Taken together, two separate plans to restructure the court system in Scotland with the aim of making it more efficient are in danger of achieving exactly the opposite.

The draft Courts Reform (Scotland) Bill will raise the threshold for civil actions at the Court of Session from £5000 to £150,000, with all those worth less being heard in the sheriff courts. The reform is intended to reduce both costs and time but has prompted fears that the sheriff courts will experience a deluge of civil cases leading to delays.

At any time that would cause concern but the problem is exacerbated by separate proposals to close 10 sheriff courts across the country. That constitutes one-fifth of the total, concentrating the workload in larger towns and cities.

There is general support for reform of the civil courts but concern about the £150,000 threshold: research by the Law Society of Scotland shows that only 2% of Court of Session business is settled above that value.

However, there is considerable anxiety about the negative effects of the sheriff court closures. Witnesses, defendants and staff will have to travel longer distances at additional expense and difficulty. Businesses in the towns affected, from Kirkcudbright to Dornoch, have pointed out that being a centre for law and justice brings additional custom and helps retain jobs.

It must also be recognised that removing the court may mean that cases are no longer reported in the local press with the effect that justice will no longer be seen to be done.

Although presented as a means of modernising the sheriff courts, the closure plan, which includes seven justice of the peace courts, is a means of meeting a 20% real-terms cut to the Scottish Court Services budget. One of the aims of the reform of the civil courts is to reduce the length of time involved in the legal process but it will have the reverse effect if a queue at the Court of Session becomes a bottleneck at the sheriff court.

More fundamental is the question of how raising the threshold to £150,000 for cases in the Court of Session affects access to justice. In the Court of Session, the claimant is entitled to instruct an advocate (sometimes on a no-win, no-fee basis) and therefore has equality before the law with commercial companies or public bodies who can afford the best advocates.

Under the new system, claimants in cases worth less than £150,000 would have no automatic right to instruct an advocate, while the defenders of a claim would usually have the resources to do so.
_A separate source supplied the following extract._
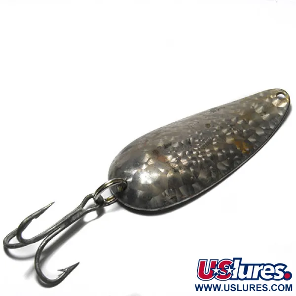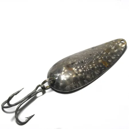 Vasaroitu, suomukuvioinen hopeaviimeistely välkehtii tässä 3 tuuman (7,5 cm) Eppinger-lusikassa, jonka mallia on valmistettu yrityksen omilla muoteilla aina Michiganin alkuajoista lähtien. Tämä yksilö, tuotekoodiltaan 0305, on väritykseltään Crystal (Scale Silver), mikä tarjoaa monivivahteisen heijastuksen vedessä verrattuna tavallisiin sileisiin lusikkauistimiin. Klassinen Dardevlet-nimi on selkeästi meistetty uistimen koveraan vatsaan, mikä takaa sen aitouden ja amerikkalaisen perinnön. Kunnossa 4/5 metallipinnat ovat säilyneet kirkkaina, ja alkuperäinen kolmihaarakoukku on tukevasti kiinni vahvassa uistinrenkaassa. Pitkänomainen muoto ja syvä profiili on suunniteltu Eppingerillä luomaan erottuva vaappuva uintiliike tasaisella kelauksella. Kirkkaissa vesissä nikkelinvärinen tausta ja suomukuvioinen etuosa toimivat luonnollisena esityksenä petokaloille. Kapean pään siimakiinnityspisteessä on vain vähäistä kulumista, mikä osoittaa, että tästä vieheestä on pidetty hyvää huolta keräilijän pakkauksessa.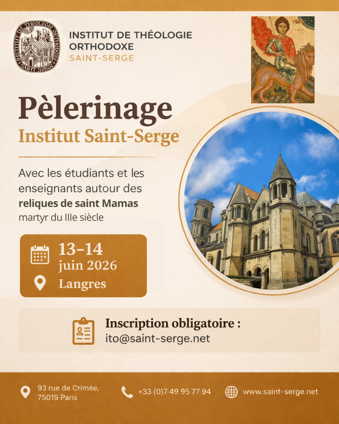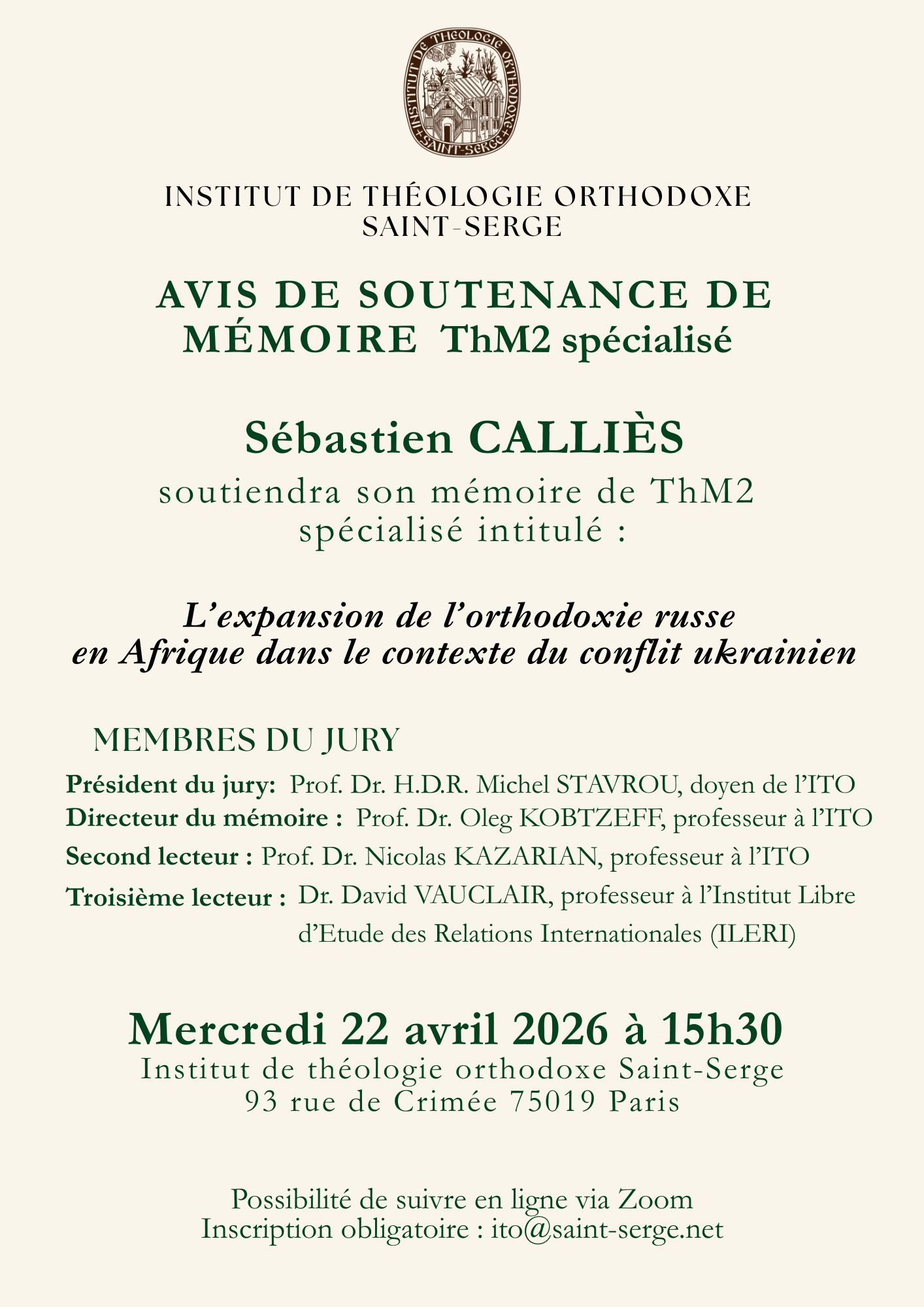 Monsieur Sébastien Calliès, étudiant en deuxième année de ThM spécialisé, soutiendra son travail de recherche de ThM2 spécialisé le mercredi 22 avril 2026 à 15h30 à l’Institut Saint-Serge. Il sera possible de suivre cette soutenance sur place et à distance (via Zoom). Pour obtenir le lien Zoom, merci d’adresser votre demande au Secrétariat de l’Institut à l’adresse suivante : ito@saint-serge.net.

Such a serious disadvantage to ordinary people with serious claims requires the proposals to be re-examined. The suggestion by the Law Society that the limit should be set at £50,000 (the threshold that operates in England) should be considered.

Civil law reform is necessary but the effect of sheriff court closures must be heeded to avoid damaging unintended consequences and to safeguard the principle of equality before the law.